A Labour government would bring three cultural shifts. Since 2010, Conservative administrations have regarded Whitehall as bloated, inert or overtly hostile. But Sir Keir places a rather old-fashioned faith in better administration to fix most of Britain’s problems. Policy churn is the “single most important reason” for Britain’s economic malaise, he says. To cure it, he wants to yoke government activity to five long-term “missions”. The sidelining of Treasury wonks by Liz Truss has become a morality tale. He will place great emphasis on government ethics; Sue Gray, his chief of staff and an ex-mandarin, has told Labour staffers to stop making policy by WhatsApp.

The second concerns what Tories called the “blob”: a self-interested nexus of public-sector panjandrums, charities and think-tanks who ministers think smother reforms. (In the late 2000s, as New Labour waned, treating mid-ranking officials such as Sharon Shoesmith, a social-work boss at a London council, as hate figures became a national sport.) By contrast, Starmerism owes a bit to the corporatism of the 1960s and a lot to New Labour’s embrace of the “third sector”. Sir Keir wants the leaders of businesses, unions and charities to sit on “mission boards” at the heart of government.

“Keir basically believes most problems are solved if you get people who know their stuff in a room, and listen to the evidence and reach a decision,” says an aide. In a speech last month Sir Keir declared a truce with the blob. Government attacks on the National Trust, a charity, were “war on the proud spirit of service,” he said. “We will welcome anyone who wants to make our national life better to take their place at the table.”

The third trend is a shift of power from ministers towards a panoply of new or strengthened institutions. The Office for Budget Responsibility, a fiscal watchdog, will be given oversight of specific tax and spending decisions. The Board of Trade, a policy talking-shop, will become an independent agency.
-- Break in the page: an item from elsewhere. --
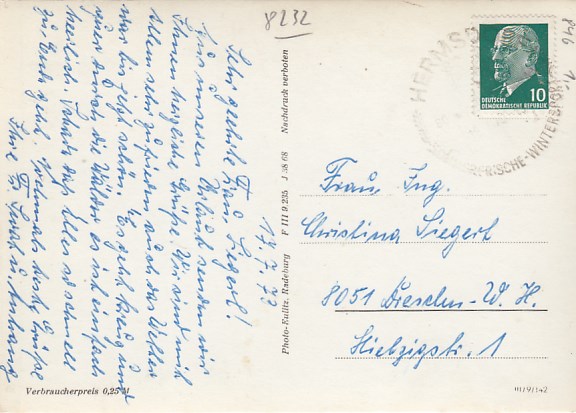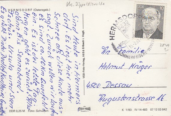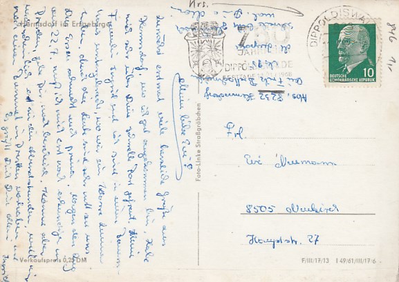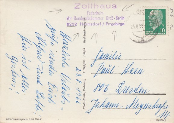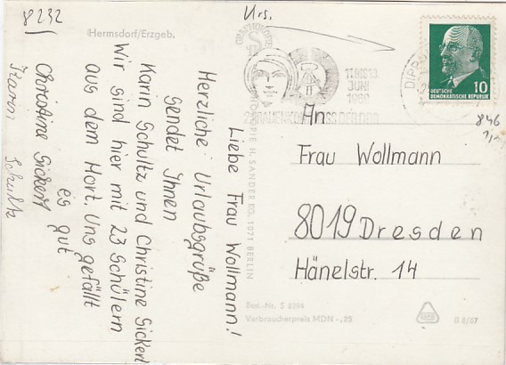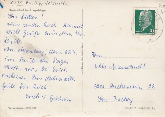 Hermsdorf im Erzgebirge in Sachsen Wanderquartier 1965

New bodies include an Office for Value for Money, an Industrial Strategy Council, a British Infrastructure Council and a Flood Resilience Taskforce.
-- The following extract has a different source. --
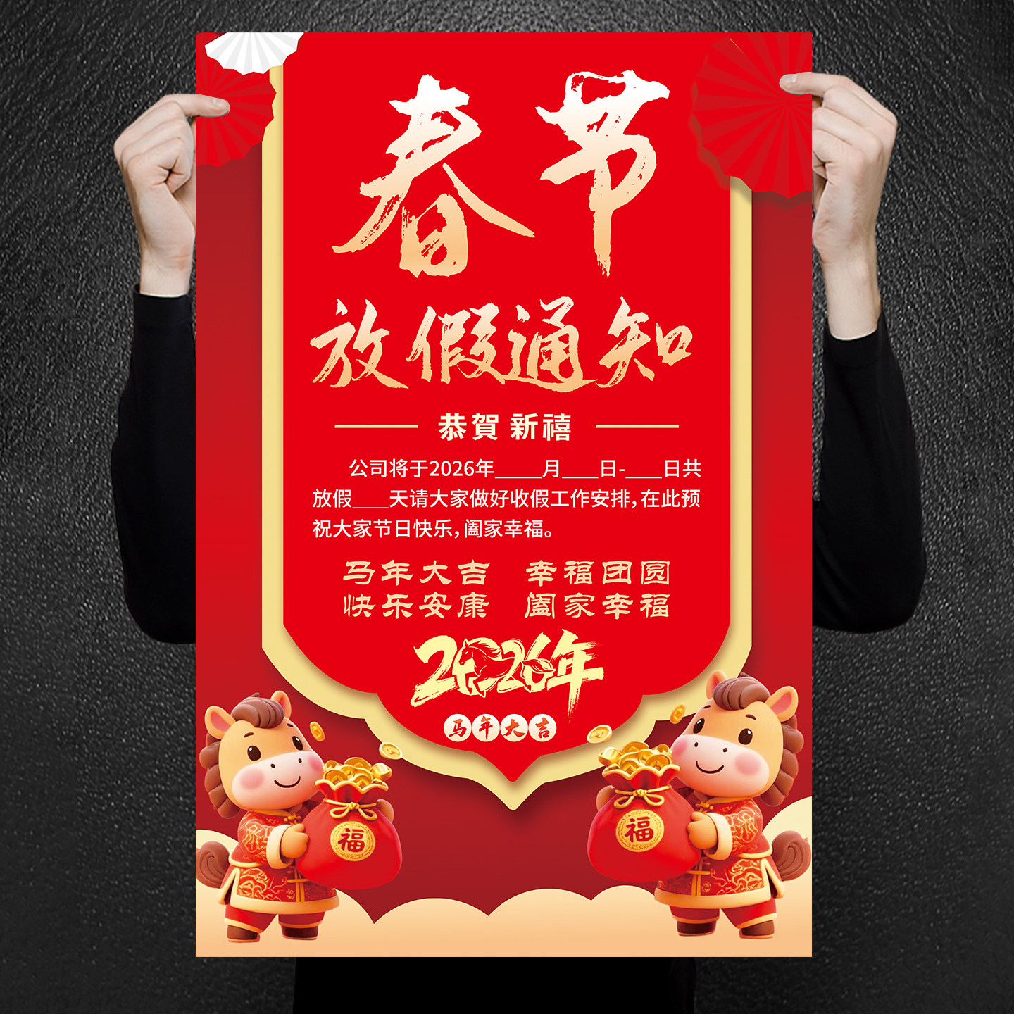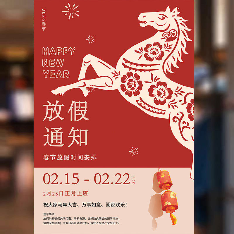 📚 春节放假通知海报2026马年恭贺新春贴纸贴画新年公司单位店铺饭店休班过年休息时间告示墙贴新年放假公告定制

It works as a pitch: government has been so erratic that the banal promise of consistency and listening to advice would amount to a paradigm shift. (On February 20th James Cleverly, the home secretary, fired the head of the immigration inspectorate after a series of critical reports.) Britain is lucky that its most pressing problems—backlogs in health care and construction—have obvious fixes. Mr Baldwin argues that Sir Keir’s brick-by-brick approach could prove more satisfying to voters than vaulting “-isms”.

Mr Blobby

Yet institutions should be the instrument, not a displacement, of politics. Labour wields them as a shield rather than a sword. Promising to be handcuffed by wonks is a bid for reassurance by an opposition that is not yet trusted with power. (Similarly, the Labour manifesto of 1997 pledged that technocrats would set the minimum wage and promised to keep the monarchy.) Advisory committees suck in businesses that would otherwise be critics.

Getting the best from the civil service will require more politics, not less. Sir Keir wants it to be less siloed and more long-termist, but that will require bold political choices over accounting lines and budget cycles. (Ms Gray will “cleave towards conventional ways of doing government”, predicts Mr Baldwin.) Sir Keir has a touch of David Cameron, who wanted to be prime minister “because I think I’d be rather good at it.”
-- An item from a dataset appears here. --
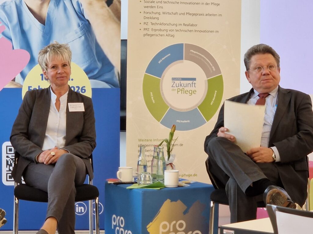 Dr. Andreas Philippi, Niedersächsischer Minister für Soziales, Arbeit, Gesundheit und Gleichstellung, übernimmt – wie bereits 2025 – erneut die politische Schirmherrschaft der Pro Care. In seiner Ansprache hob er den landesgeförderten Einsatz wichtiger Zukunftstechnologien hervor, darunter Voize, ein digitales Sprachassistenzsystem für die Pflegedokumentation, sowie der soziale Roboter Navel, der derzeit im Rahmen eines Pilotprojekts in einer Pflegeeinrichtung in Hannover erprobt wird.
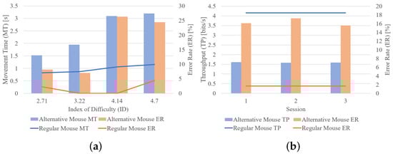 Graphs to compare the performance of the alternative mouse to the regular one. (a) MT and ER plotted over ID for the alternative and regular mice. (b) TP and ER plotted over sessions for both mouse input devices.

Starmerites understand that they will have at their disposal sweeping powers of appointment, which the Tories have failed to exploit. But institutions are not policies. A proposed Regulatory Innovation Office, to “support a beefed-up Regulatory Horizons Council”, does not resolve the political question of whether to embrace gene-edited crops or weight-loss drugs. A reformed Migration Advisory Committee (“that can advise on the impact of all policies to ensure that the details are right”) cannot decide how many people should come. Policy papers bristle with “pathways”, “hotspots”, “hubs” and “landscapes”, but the question of how much money they will get goes unmentioned. Mr Baldwin’s Sir Keir seems to regard politics as the unfortunate prelude to the grown-up business of governing. But it is the very essence of it.